Again and again the words echoed through her soul.

"I have done my duty by him," she repeated to herself, with the obstinacy with which we are wont to clutch a self-illusion that threatens to vanish. "I have done my duty."

Suddenly she trembles from head to foot, and, hiding her face in the pillow, she bursts into tears.

The boundless egotism, in all its petty childishness, which has informed her intercourse with her husband flashes upon her conscience.

How is it that she has never perceived that he has long since ceased to perform his part of their agreement? Little tokens of affection full of a timid poetry hitherto heedlessly overlooked now occur to her. Why had she not understood them? Why had she never felt a spark of love for him?

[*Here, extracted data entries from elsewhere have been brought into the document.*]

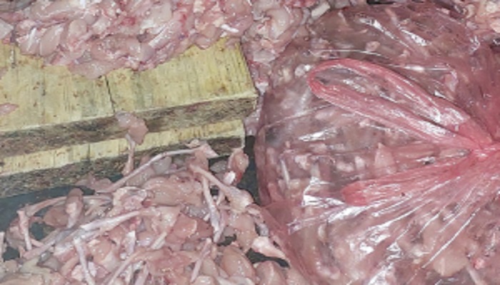 كما ضبطت حماية المستهلك، إحدى الدوريات مركبة نوع “سوزوكي مغلقة” في مدينة جرمانا بريف دمشق وفي داخلها 350 كغ من مخلفات الفروج (نتر فروج) غير صالحة للاستهلاك البشري.
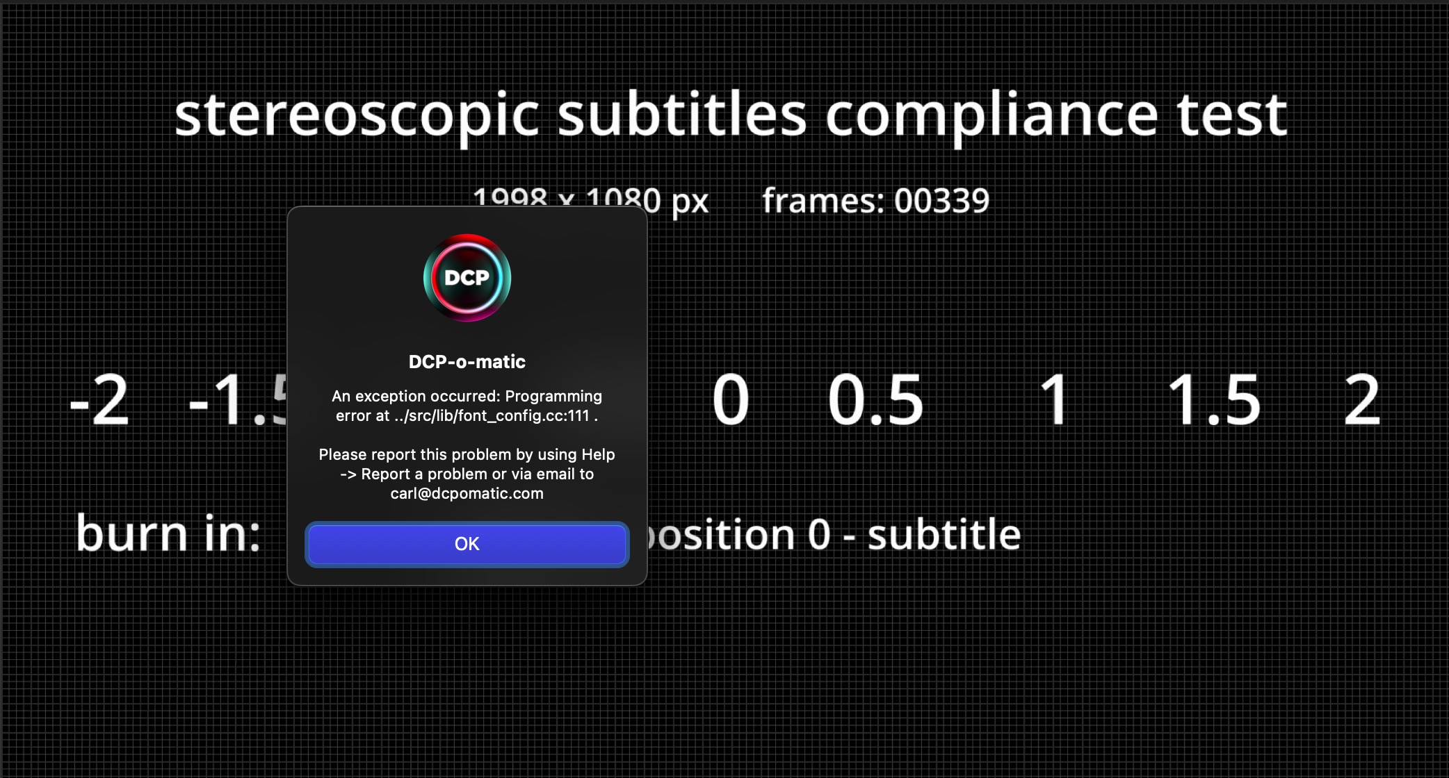 | Description | after opening my stereoscopic 3D project. An exception occurred: Programming error at ../src/lib/font_config.cc:111 . | ||||
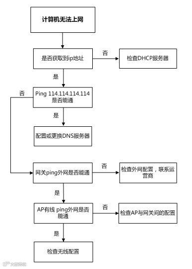 针对出现无法上网的问题,小编整理了一份简洁明了的流程图,可按照下面的流程图对网络进行简单排查。如按照流程图步骤执行仍无法解决,请联系相关人员。
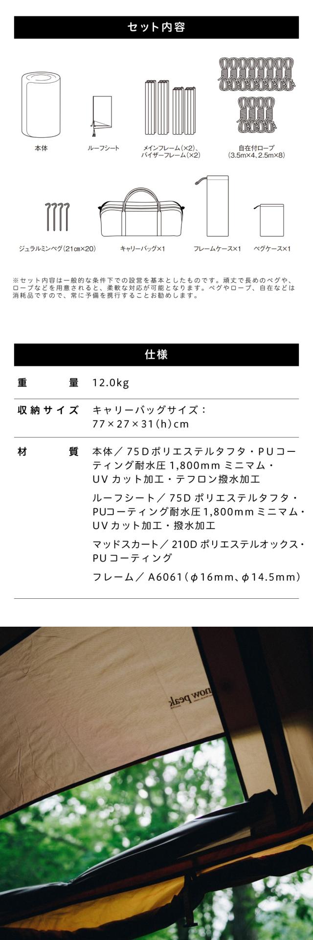 * セット内容:本体、ルーフシート、メインフレーム(×2)、バイザーフレーム(×2)、ジュラルミンペグ(21cm×20)、自在付ロープ(3.5m×4、2.5m×8)、キャリーバッグ、フレームケース、ペグケース
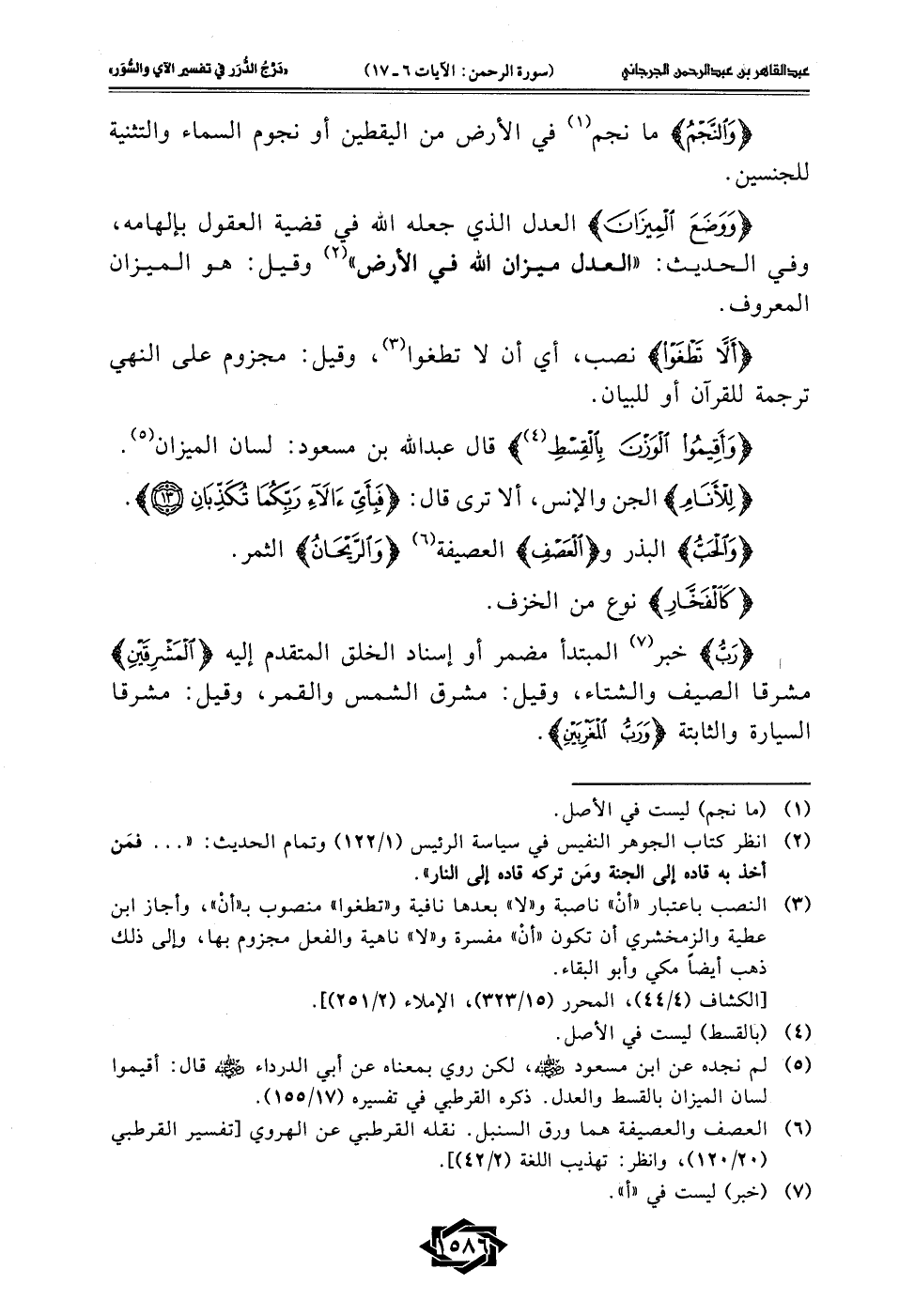 (¬5) لم نجده عن ابن مسعود - رضي الله عنه -، لكن روي بمعناه عن أبي الدرداء - رضي الله عنه - قال: أقيموا لسان الميزان بالقسط والعدل. ذكره القرطبي في تفسيره (17/ 155).

Her cheeks burn. She had continually reproached her husband with never being done with his illusions, and she---- In a secret drawer of her writing-table there is at this very moment, shrivelled and faded, a gardenia which she has never been able to bring herself to destroy. She springs up, lights a candle, hastens to her writing-table, finds the ugly brown relic,--and burns it. When she lies down in bed again the admonitory moonbeam has vanished, but through the cold black of the winter night filters the first weak shimmer of the dawn. The dreamy ding-dong of a church bell among the mountains ringing for early mass has the peaceful sound of a sacred morning serenade as it floats into her room.

It is barely six o'clock. She folds her hands, a fervent prayer rises to her lips, and, with a still more fervent, unspoken prayer in her heart, her brown head sinks back upon the cool white pillow, and she falls asleep.